#### EXERCISE
The part to set down runs from the first line of the data below through the line with "- Schil de aardappelen, snijd", inclusive; write it exactly and leave out the pictures.

#### DATA LISTING
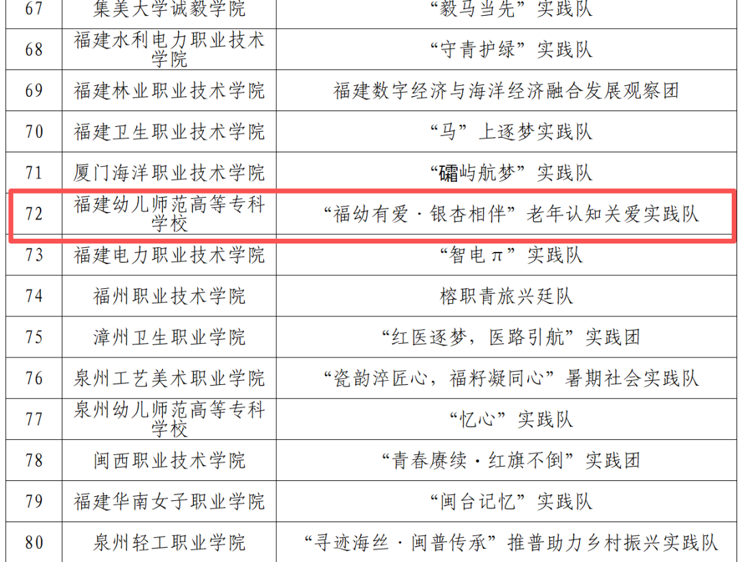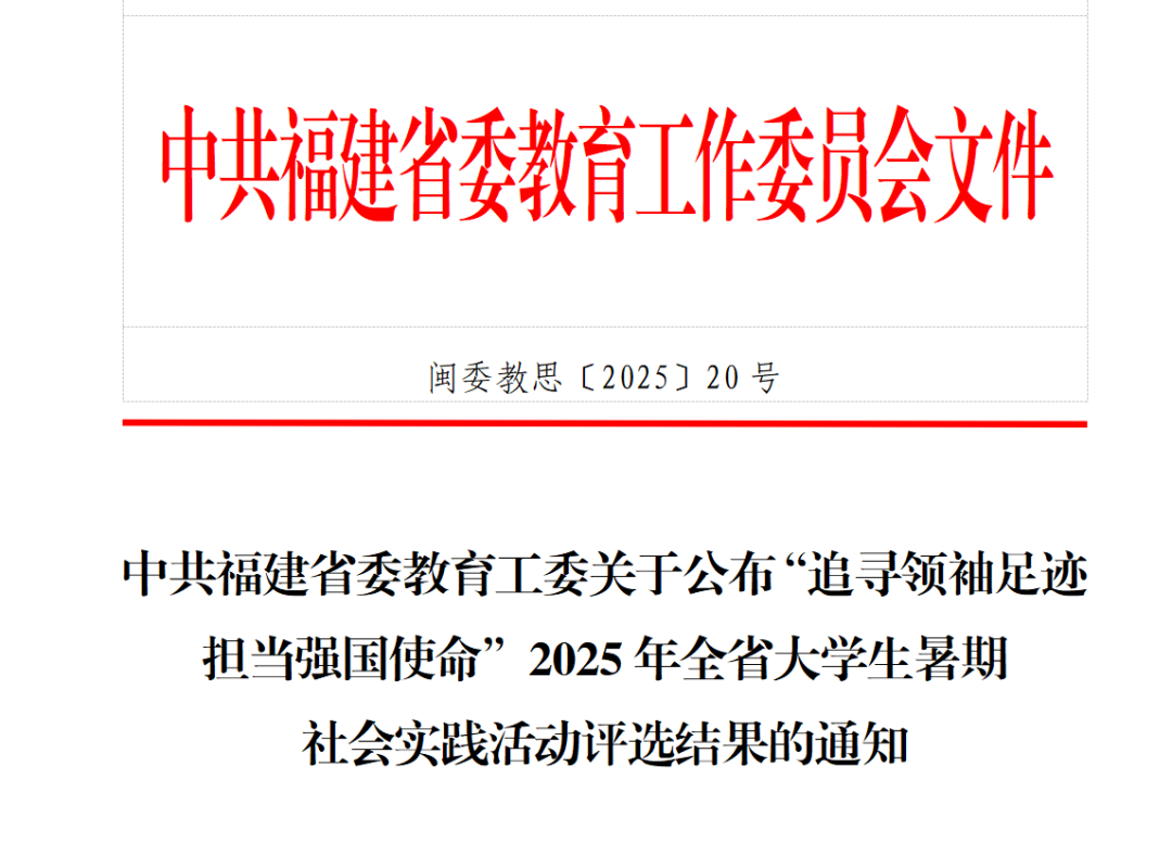 近日,“追寻领袖足迹 担当强国使命”2025年全省大学生暑期社会实践活动评选落下帷幕。该活动由中共福建省委教育工委主办,经高校推荐、专家评审、网上公示等严格评选程序,我校“福幼有爱·银杏相伴”老年认知关爱实践队获评省级“优秀实践团队”,福建幼儿师范高等专科学校获评“优秀组织单位”。
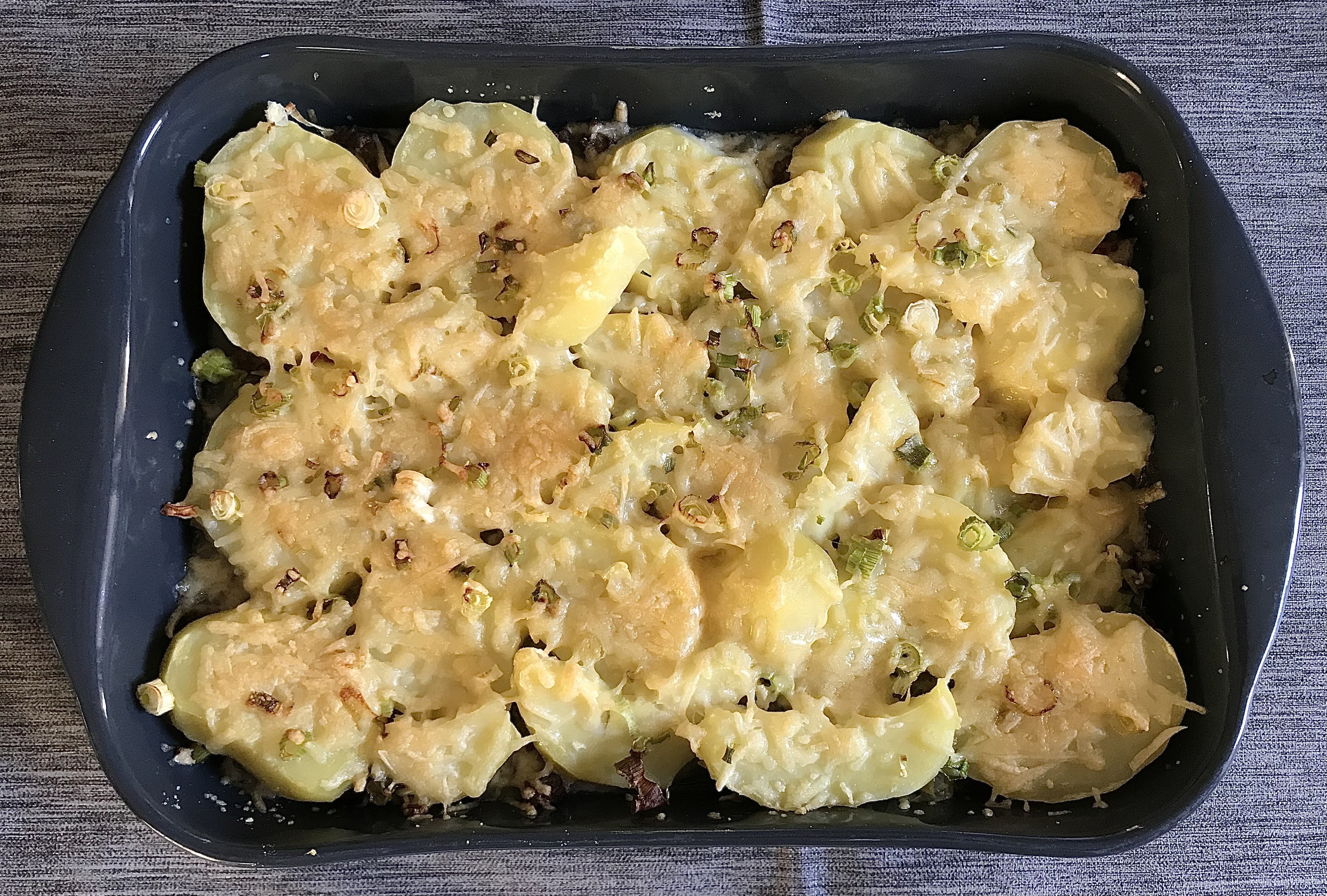- Schil de aardappelen, snijd deze in plakjes en kook de aardappelen gaar.
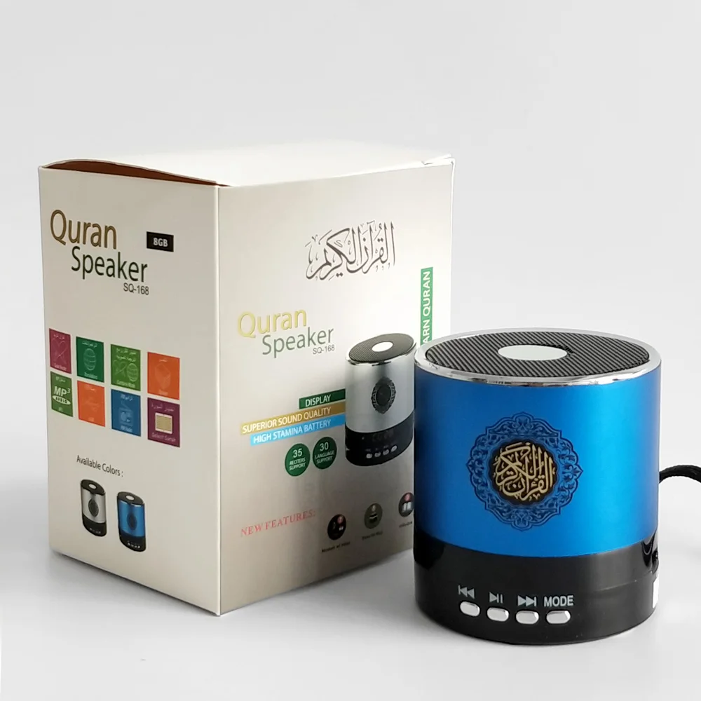 1. Воспроизведение любого Корана суры нажатием кнопки на пульте дистанционного управления 2. Воспроизведение Корана аудио слова словом. Легко для изучения Корана таким образом. 3. Воспроизведение Корана. Выберите свой родной язык для понимания Корана. 4. Воспроизведение MP3 аудио. Поддержка любых аудио MP3 файлов. 5. Доступны комбинированные и одиночные режимы. Для прослушивания Корана аудио и любого перевода, пожалуйста, нажмите кнопку РЕЖИМ, для одного режима, нажмите еще раз. 6. Функция fm-радио. 7. Легко выбрать номер суры по номерам на пульте дистанционного управления 8.Famouse Qari (реквизиты) 9. Несколько языков (переводчики) 10.Tafseer 11. Выберите Surah 12. Полный цифровой Коран 13. Легко заменить перезаряжаемый аккумулятор 14.HD-голос 15. Светодиодный дисплей
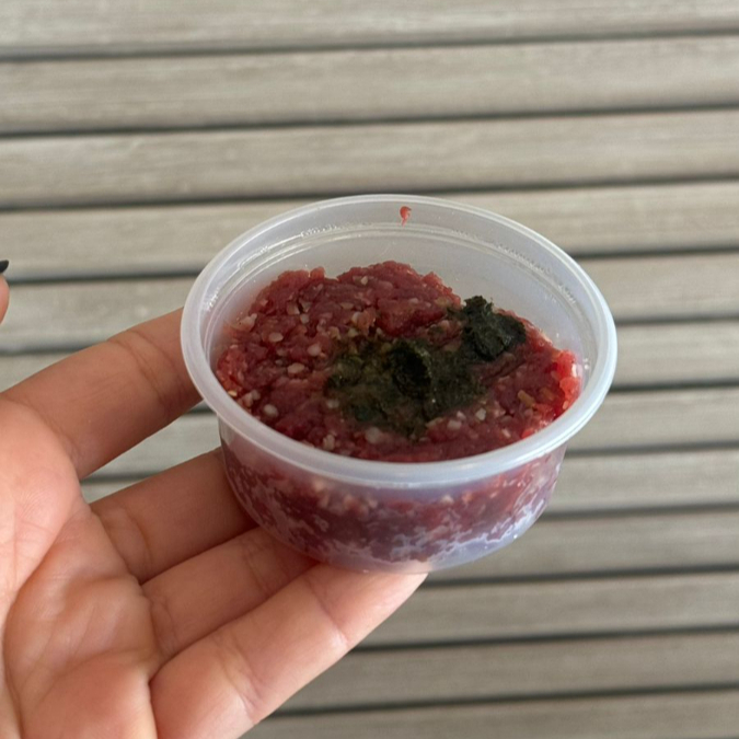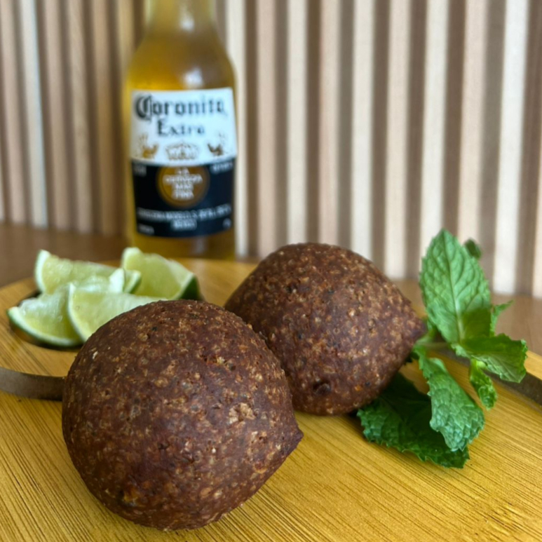 Tradicional receita árabe de carne com trigo e uma pitada de hortelã. Porção individual de aproximadamente 70 g.
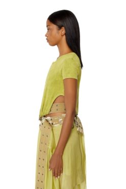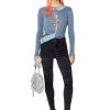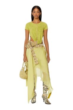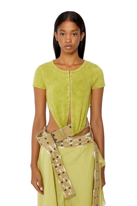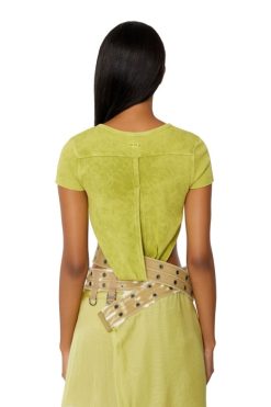 חולצת FW22 Runway Show זו לנשים בגזרה דקיקה גזרה מכותנה מתיחה מטופלת. הוא כולל דפנות גבוהות וחגורת קנבס נוסח צבאי המתחברת דרך החרכים הקדמיים והאחוריים. סיים עם סגירת וו וטלאי ד רקום תלת מימד מאחור.
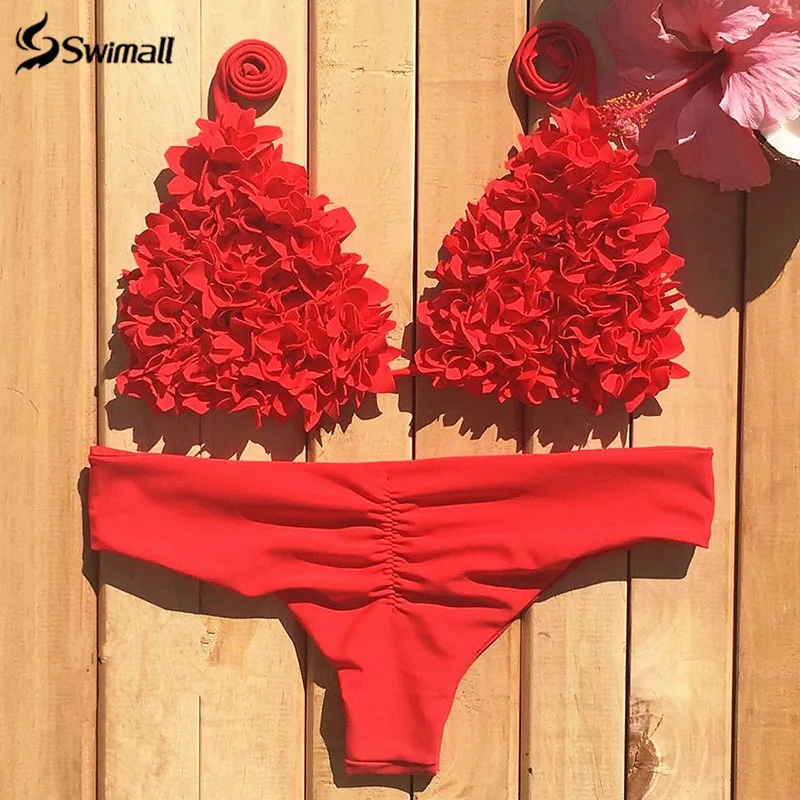 Бикини 2019 Mujer 3D цветок Купальник женский купальник, бретельки на шее бразильский комплект бикини принт ванный Комплект Одежда заплыва костю...
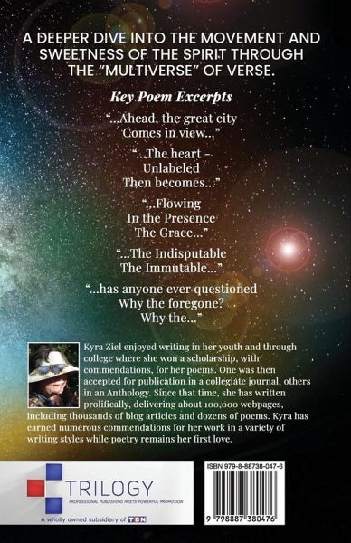 A deeper dive into the movement and sweetness of the spirit through the "multiverse" of verse. Key Poem Excerpts "Ahead, the great city Comes in view..." "...The heart - Unlabeled Then becomes..." "...Flowing In the Presence The Grace..." "...The Indisputable The Immutable..." "...has anyone ever questioned Why the foregone? Why the..."
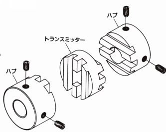 ・2つのハブ部材および中間のトルク伝達部材の3部品で構成されています。組み立てや中間トルク伝達部材の交換も簡単です。

#### REPLY TO THE EXERCISE
 近日,“追寻领袖足迹 担当强国使命”2025年全省大学生暑期社会实践活动评选落下帷幕。该活动由中共福建省委教育工委主办,经高校推荐、专家评审、网上公示等严格评选程序,我校“福幼有爱·银杏相伴”老年认知关爱实践队获评省级“优秀实践团队”,福建幼儿师范高等专科学校获评“优秀组织单位”。
- Schil de aardappelen, snijd deze in plakjes en kook de aardappelen gaar.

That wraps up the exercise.